Researchers Work to Fight Bad Bacteria in Ethanol Plants

Cindy Zimmerman

National Center for Agricultural Utilization Research, Peoria, IL

USDA Agricultural Research Service (ARS) scientists have developed a way to use genetically modified baker’s yeast to prevent contamination by unwelcome bacteria in ethanol plants, one of the leading causes of plant shut downs.

“These bacteria are found everywhere in the environment, especially on plant material. They are actually responsible for the fermentation of vegetables to make products like sauerkraut and pickles,” explained Shao-Yeh Lu, a research microbiologist with ARS’ National Center for Agricultural Utilization Research in Peoria, Illinois. “Unfortunately, the acetic acid and lactic acid produced by these same bacteria in a bioethanol fermentation facility will cause stress and inhibit the growth of the baker’s yeast (Saccharomyces cerevisiae), which is responsible for the production of ethanol.”

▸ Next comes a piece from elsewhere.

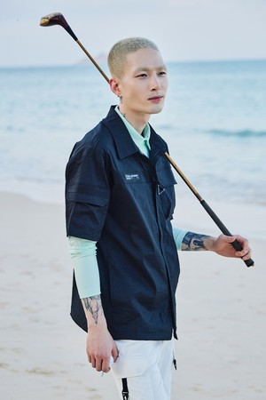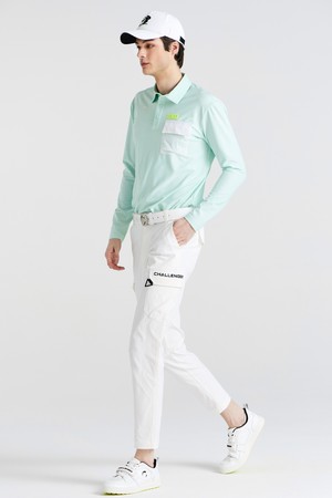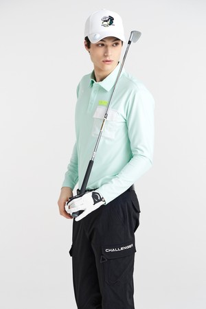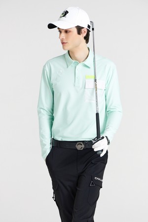 기능성소재 우븐포켓 레터링 카라넥 남성 긴팔 골프티셔츠 라이트그린

Instead of using antibiotics to kill the bacteria, the scientists modified the yeast’s genetic makeup with to make an enzyme on its outer surface called endolysin, a specialized enzyme that kills the bacteria on contact. Lab trials found use of the endolysin-making yeasts reduced the presence of the bacteria by 85 percent, which reduced acetic and lactic acid levels in the mash by as much as 40 percent and 71 percent, and in turn increased ethanol production by as much as 40 percent.

According to Lu, modifying yeast to produce endolysin—either on their surface or secreted—is likely to be more cost-effective than adding bulk amounts of the enzyme to contaminated corn mash. Additional research is needed to fully ascertain its potential commercial use, but if validated through larger-scale trials, the endolysin-wielding yeasts could offer an alternative to antibiotics or other costly chemical cleansers.